I’m still trying to work out the preprocessing for chroma feature cross-similarity analysis.
I actually received a very prompt reply from one of the members of the korean team whose work I’m building off of. He suggests adding pitch transformation to transpose the two samples into the same key before comparing them. This, in his words, is critical. I have a general idea of what should be done based on the paper they’ve cited that used this concept–the Optimal Transformation Index (basically, it takes the the chroma features, , averages it to find the most common key it seems to be in, and then shifts one of the two so that these match).
Obviously, the main potential flaw in this approach from the beginning is that we’ll be matching the average pitches of ONLY the melody with the average pitches of the ENTIRE song, creating a lot of noise. Even a perfectly correct singer may not be able to generate very promising matches. I’m looking into OTI features, and I’ve found a good way to benchmark this approach in general: I can compare a song to its isolated vocal track–if the original singer in the same studio recording can’t generate something that seems matchable vs. the original song, this method is probably not tenable.

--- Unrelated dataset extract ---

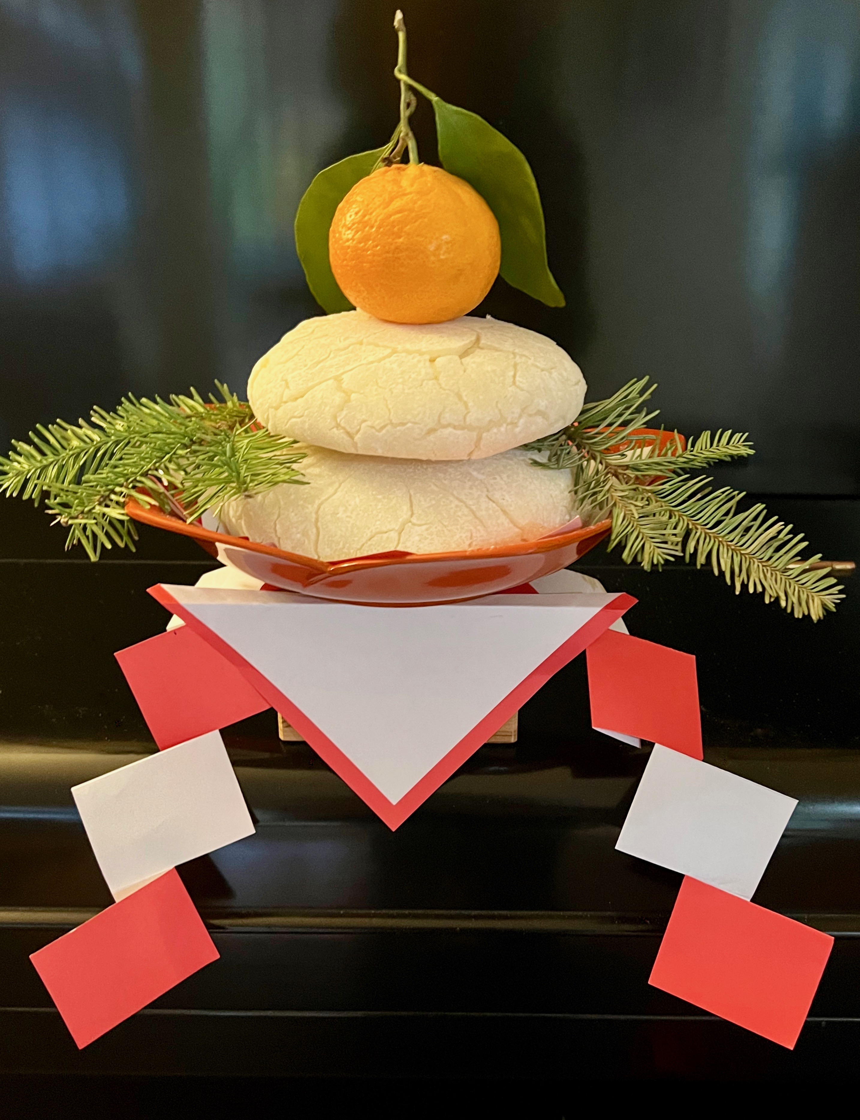Kagami (mirror) mochi (rice cake) is made and placed on an altar right after Christmas when the festive Japanese season begins. The mandarin orange symbolizes a family’s generational continuity; the mochi disks, the passage of years. During the season’s Kagami Biraki (opening the mirror), the now brittle mochi is broken and shared to both celebrate the new year and prevent illness and accidents. Kagami mochi is one of many meaningful traditions in Japan.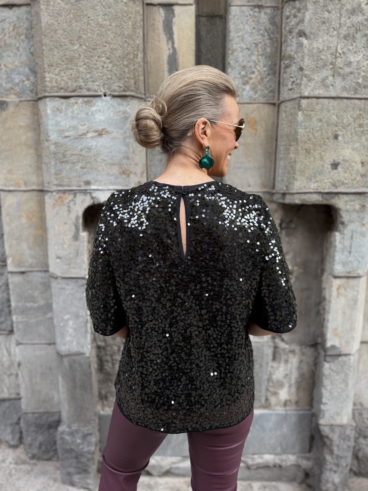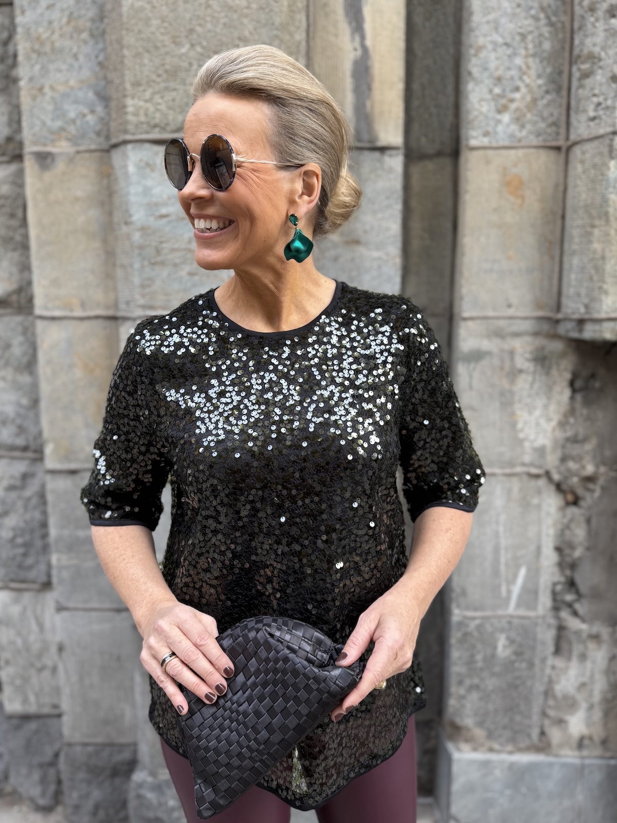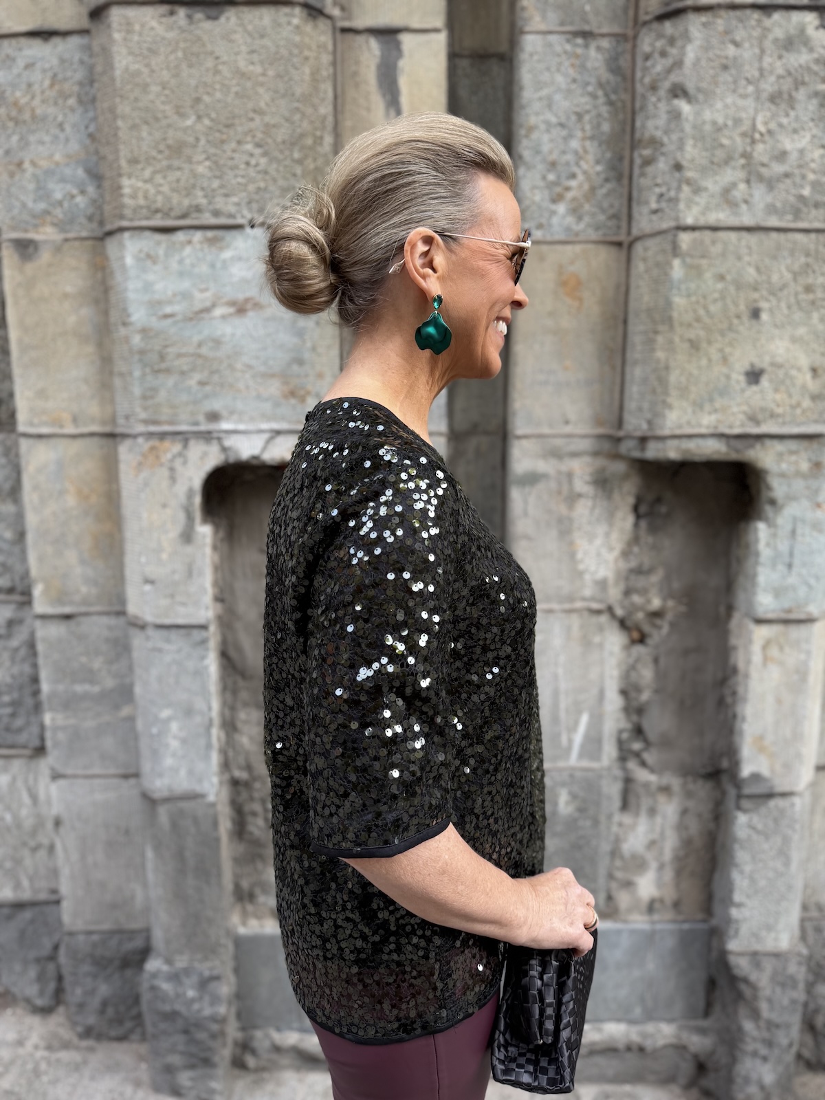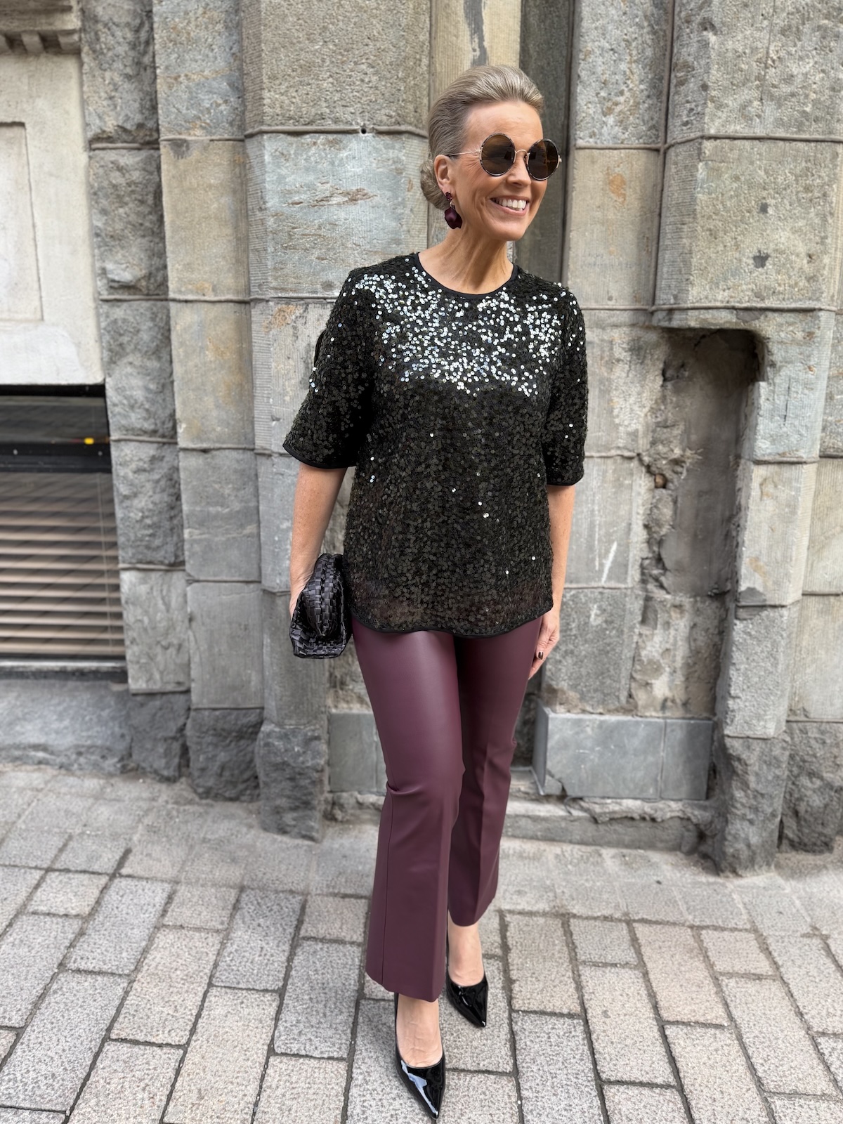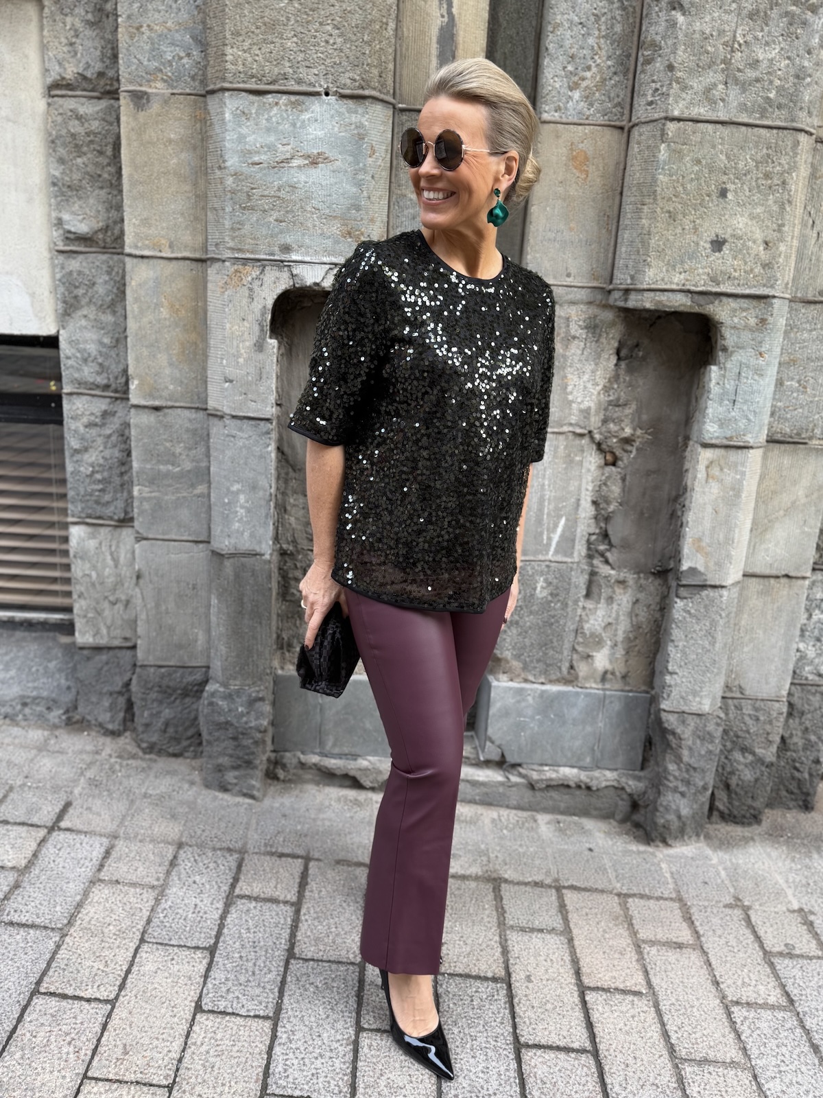 Melia paita on upea, koska se on oliivinvihreä. Harvoin näkee vihreitä paljettiasuja! Paidassa on O-kaula-aukko ja kyynerpäiden kohdalle ylettyvät hihat. Malliltaan paita on suora ja se loppuu noin haarasauman kohdalle. Katalla on paidasta päällä koko S, koska hän haluasi paidasta hieman pidemmän istuvien tekonahkahousujen takia. Muuten hän käyttää paidasta koko XS. Paita vastaa normaalia/hieman reilumpaa kokoa kuin normaalisti.

The researcher I contacted actually suggested the opposite approach from the idea we originally got from Prof. Dannenberg–analyze the waveform to estimate melody from the audio directly, then compare melody -> melody.
From this, I’ve recieved some deep-learning based suggestions and a few that won’t require training, which might make some preliminary testing easier. Next week I’ll be looking at RPCA and YIN for vocal extraction and melody recognition.